* **The problem**: Copy exactly, and only, the lines from the line containing "Ce sautoir au" through the last line of the records below, both included, and leave out any pictures.

--------

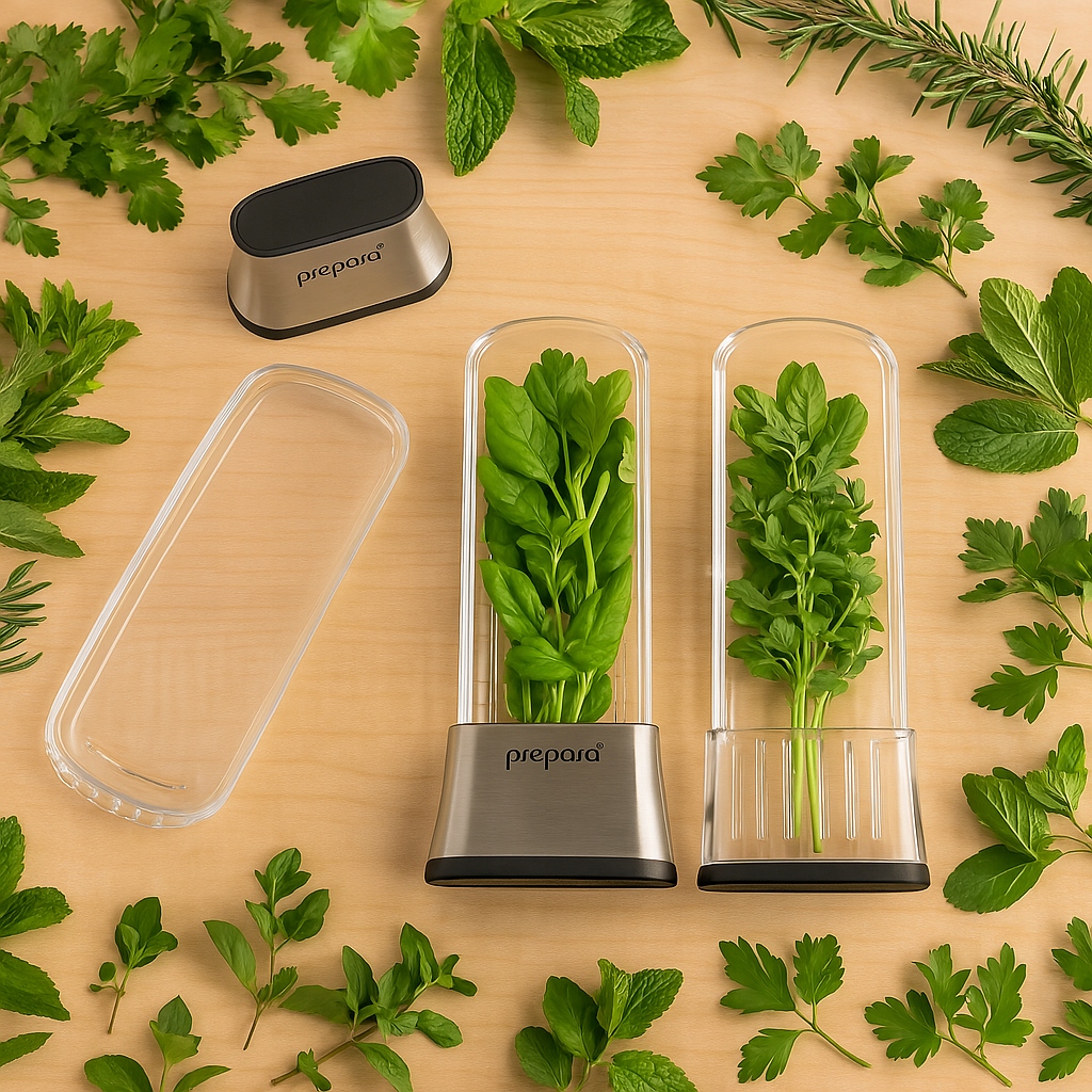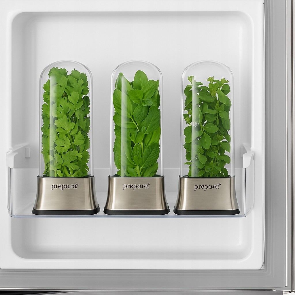 трав, що зберігаються в парниці Prepara, залишаються не лише свіжими, але й повними харчовими цінностями та природними ефірними маслами , які надають стравам глибокий смак та аромат. Завдяки адекватному зволоженню та захисту від сушіння трави зберігають свої здорові властивості довше - вони підтримують травлення, вони мають протизапальний та зміцнюють імунітет.
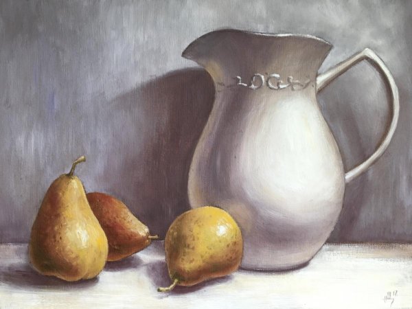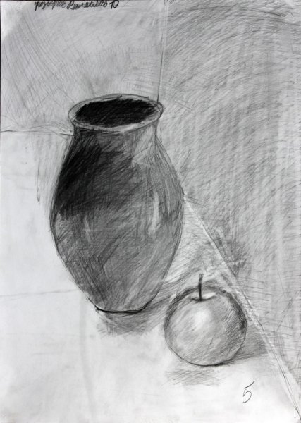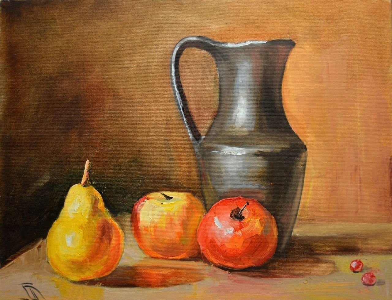 Великолепный натюрморт, воплощенный на холсте - это композиция из ярко-красного яблока, изящного кувшина и сочной зеленой груши. Каждая деталь этого произведения искусства прорисована с удивительной точностью и мастерством. Яблоко выглядит так реалистично, что хочется протянуть руку и потрогать его гладкую поверхность. Кувшин излучает благородство и изысканность своей формой и узорами, а груша добавляет свежести и жизненности всей композиции. Это настоящее произведение искусства, которое вызывает восхищение и впечатляет своей уникальностью. Работа выполнена с использованием карандаша, что придает ей особую тонкость и глубину. Этот натюрморт станет украшением любого интерьера и запомнится каждому, кто увидит его.
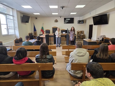 Председателят на Окръжен съд – Кюстендил, съдия Пенка Братанова информира учениците и за различните видове дела, които разглежда съдът – наказателни, граждански, търговски, фирмени, като акцентира на случайното разпределение на делата по съдии.
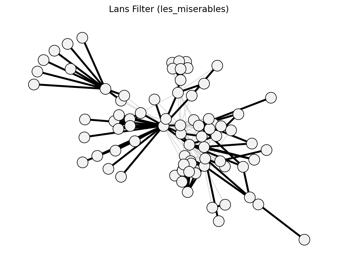 >>> import networkx as nx >>> from networkx_backbone import lans_filter, threshold_filter >>> G = nx.les_miserables_graph() >>> H = lans_filter(G) >>> backbone = threshold_filter(H, "lans_pvalue", 0.05, mode="below") >>> backbone.number_of_edges() <= H.number_of_edges() True
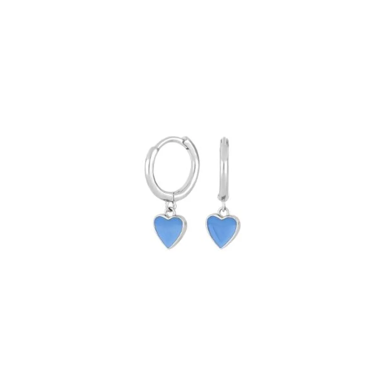 Flotte øreringe i 925 sterling sølv, med et hjerte i blå emalje. Øreringene er 6 mm, og passer derfor til både børn og voksne med mindre øre.
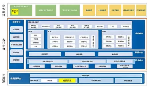 浙江移动的大IT中台产品由能效中台、业务中台、数据中台、技术中台等模块构成,对上为业务前台提供通用业务能力、技术能力、开发运营一体化能力、大数据能力等全方位的IT能力;对下屏蔽各类技术组件、硬件资源的差异,将技术和业务彻底解耦,保障技术组件及硬件资源的更替不影响业务。
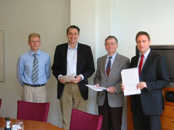 Fügen Nach der Vertragsunterzeichnung v.l.n.r.: Dipl.-Ing. Albert Waal (TU Hannover), Dr. Stephan Ludewig (STARWAVES GmbH), Prof. Dr.-Ing. Hans-Peter Kuchenbecker (TU Hannover), Andreas Fischer, NLM
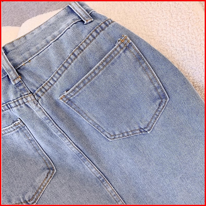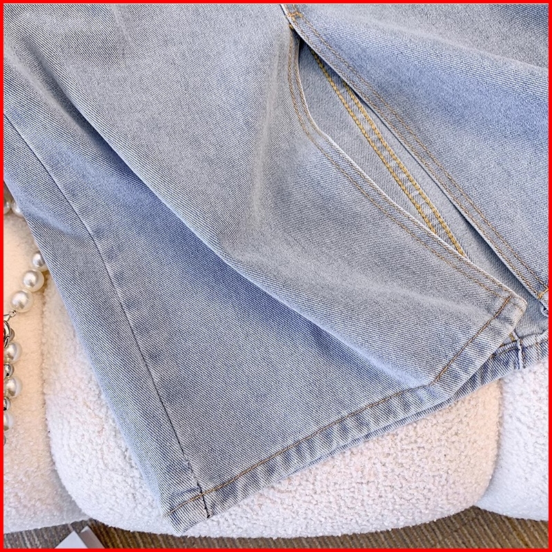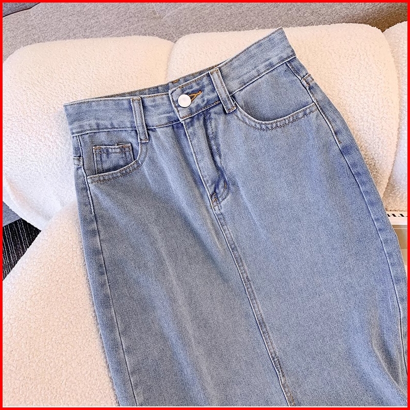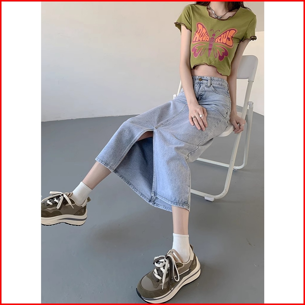Luck Wanitabiru Muda Belahan Depan Rok Jeans Highwaist A-line Rok Jeans Wanita Polos
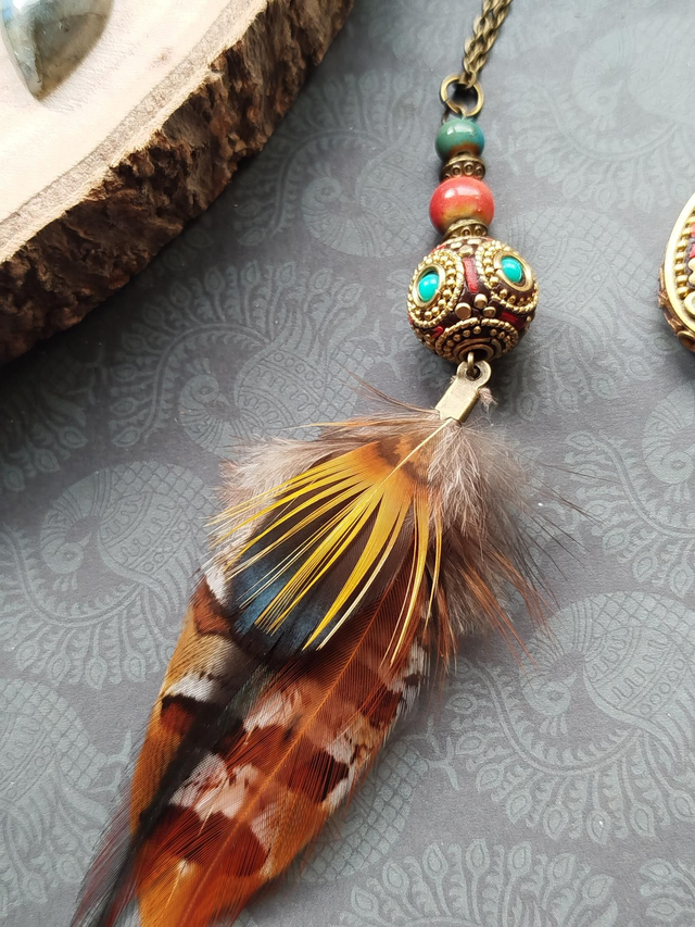 Ce sautoir au style tibétain incarne l’élégance naturelle et l’authenticité des traditions artisanales. Composé d’une fine chaîne , il est sublimé par une perle tibétaine finement ouvragée et un pendentif orné de plume de coq et de faisan.
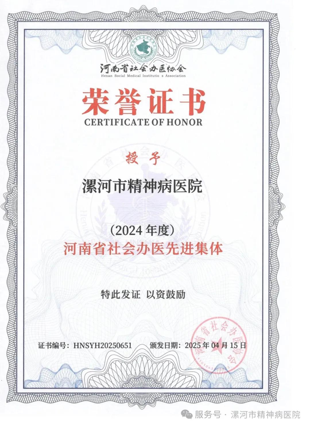 在河南省社會辦醫領域評選中,漯河市精神病醫院憑借卓越的醫療服務水平、專業的醫護團隊和突出的社會貢獻,脫穎而出,榮獲“河南省社會辦醫先進集體”榮譽稱號!這不僅是對該院既往工作的高度認可,更是對全體職工不懈奮斗的最高褒獎。
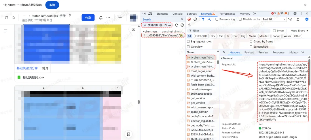 也就是在应用启动参数里输入的飞书链接。RPA机器人先打开它,并从页面加载过程里拿到关键接口的返回值。

--------

* **Written answer**:
 Ce sautoir au style tibétain incarne l’élégance naturelle et l’authenticité des traditions artisanales. Composé d’une fine chaîne , il est sublimé par une perle tibétaine finement ouvragée et un pendentif orné de plume de coq et de faisan.
 在河南省社會辦醫領域評選中,漯河市精神病醫院憑借卓越的醫療服務水平、專業的醫護團隊和突出的社會貢獻,脫穎而出,榮獲“河南省社會辦醫先進集體”榮譽稱號!這不僅是對該院既往工作的高度認可,更是對全體職工不懈奮斗的最高褒獎。
 也就是在应用启动参数里输入的飞书链接。RPA机器人先打开它,并从页面加载过程里拿到关键接口的返回值。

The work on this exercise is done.